== DATA BELOW ==

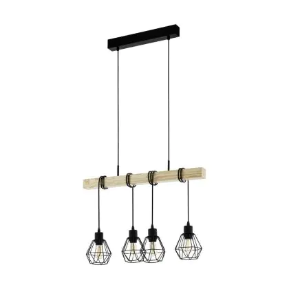 Eglo Pendelleuchte Townshend 5 Stahl Holz Schwarz | IP20 - Geeignet für 4x E27
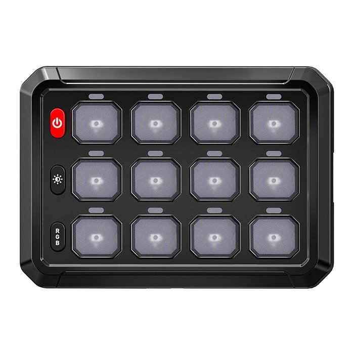 سوئیچ پنل 12 کانال بیسیم یک پنل کنترل حرفهای و هوشمند است که امکان مدیریت همزمان دوازده تجهیزات برقی مختلف در خودروهای آفرودی، کمپرها، ونهای مسافرتی، وانتهای تجهیزاتی و قایقها را فراهم میکند. این پنل جایگزینی کامل برای سیمکشیهای پیچیده و نامرتب است و با استفاده از آن میتوان تمامی تجهیزات برقی خودرو را بهصورت متمرکز، امن و راحت کنترل کرد. این محصول برای خودروهایی که به چندین دستگاه برقی پرمصرف نیاز دارند ایدهآل است. میتوان چراغهای لایت بار، چراغهای RGB، پروژکتور، فن، پمپ آب، کمپرسور باد، وینچ و سایر تجهیزات را تنها با یک پنل کنترل کرد و نیازی به چندین کلید و رله جداگانه نیست. kz-cp-12-rgb-acc-wx
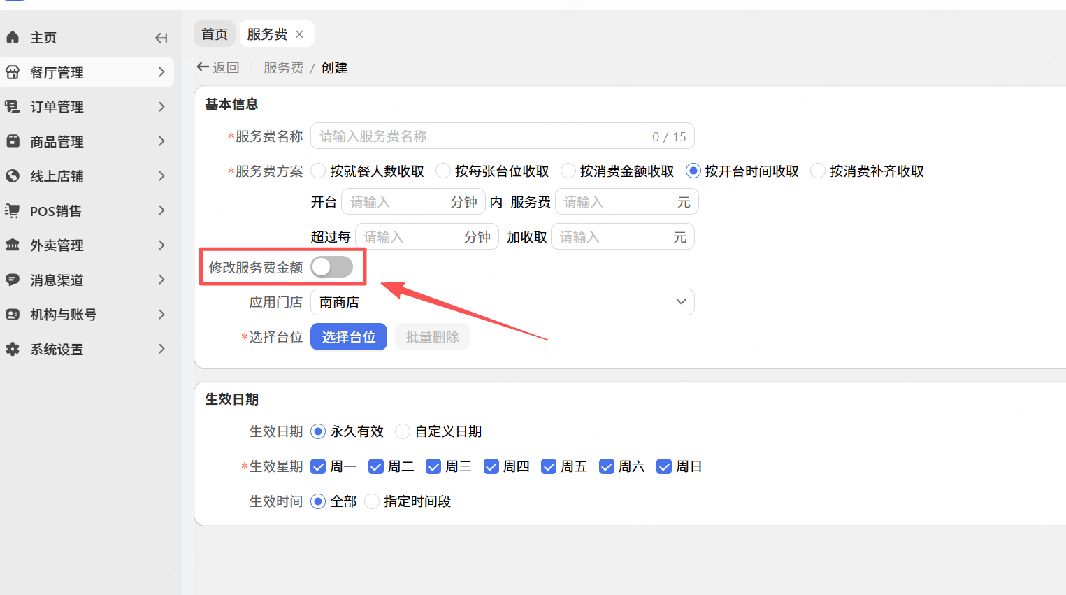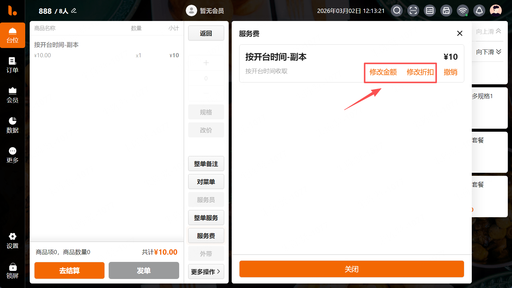 2.【台位POS】按开台时间收取服务费支持修改金额
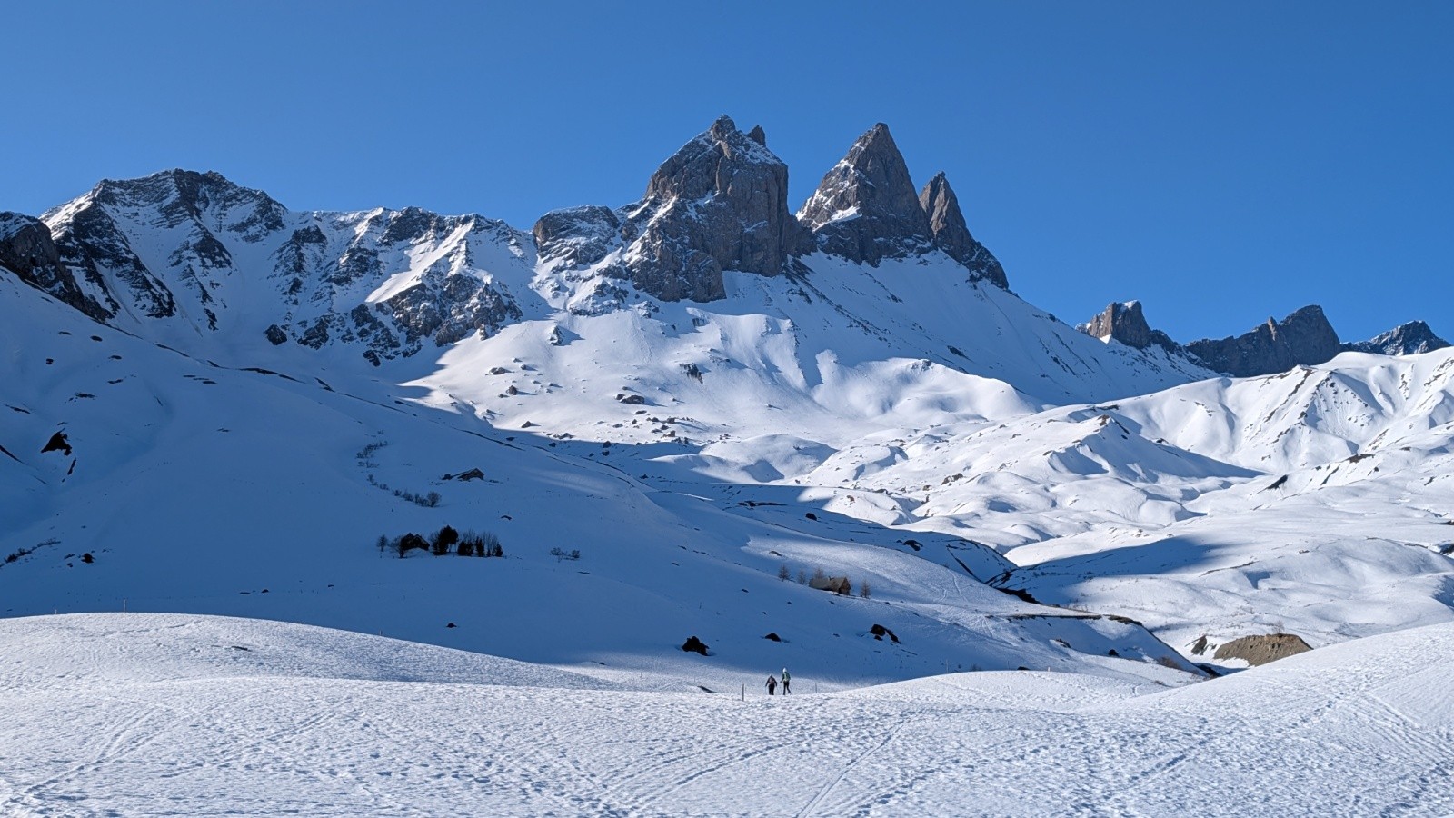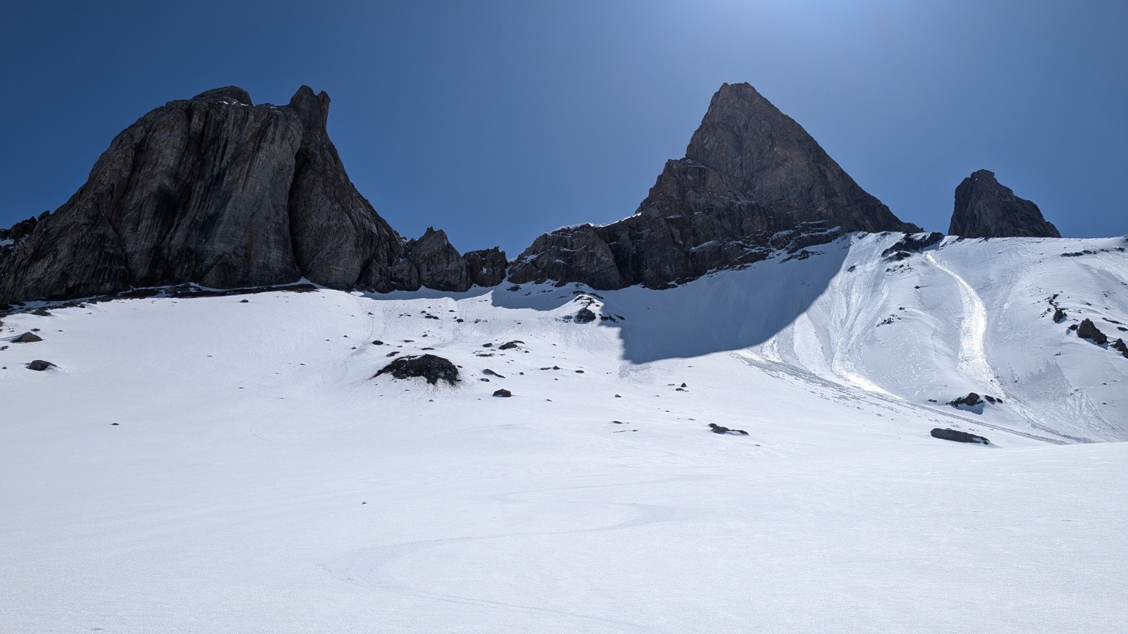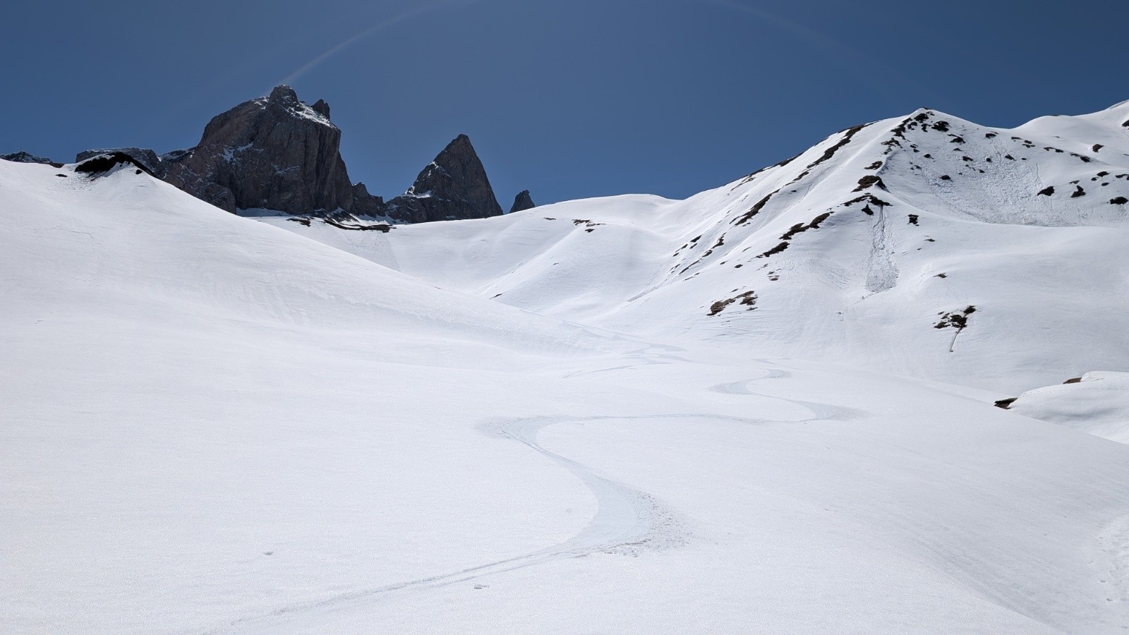 Sortie dans d’excellentes conditions grâce au bon regel nocturne. La paysage est sublime tout du long. Vu 4 humains sur l’ensemble de la sortie. Deux d’entre eux semblaient enchaîner le tour des Aiguilles en direction du col de l’Epaisseur. Arrêt vers 2900 m dans les pentes inclinées sous le col des Aiguilles. Quelle ambiance sous ces monstres. Descente en neige dure qui va s’adoucir progressivement, on peut envoyer du bois c’est top. À partir de la Basse on trouve de l’excellente moquette qui donne le sourire jusqu’à pré Valloire. Pousse bâton pas si désagréable pour la fin, pas de déchaussage pour l’instant.

===

=== WHAT THE TASK REQUIRES ===
Every line from the one containing "2.【台位POS】按开台时间收取服务费支持修改金额" through the last line of the listing must be written out again exactly, and no other line. Leave the pictures aside.

=== TASK OUTPUT ===
 2.【台位POS】按开台时间收取服务费支持修改金额
 Sortie dans d’excellentes conditions grâce au bon regel nocturne. La paysage est sublime tout du long. Vu 4 humains sur l’ensemble de la sortie. Deux d’entre eux semblaient enchaîner le tour des Aiguilles en direction du col de l’Epaisseur. Arrêt vers 2900 m dans les pentes inclinées sous le col des Aiguilles. Quelle ambiance sous ces monstres. Descente en neige dure qui va s’adoucir progressivement, on peut envoyer du bois c’est top. À partir de la Basse on trouve de l’excellente moquette qui donne le sourire jusqu’à pré Valloire. Pousse bâton pas si désagréable pour la fin, pas de déchaussage pour l’instant.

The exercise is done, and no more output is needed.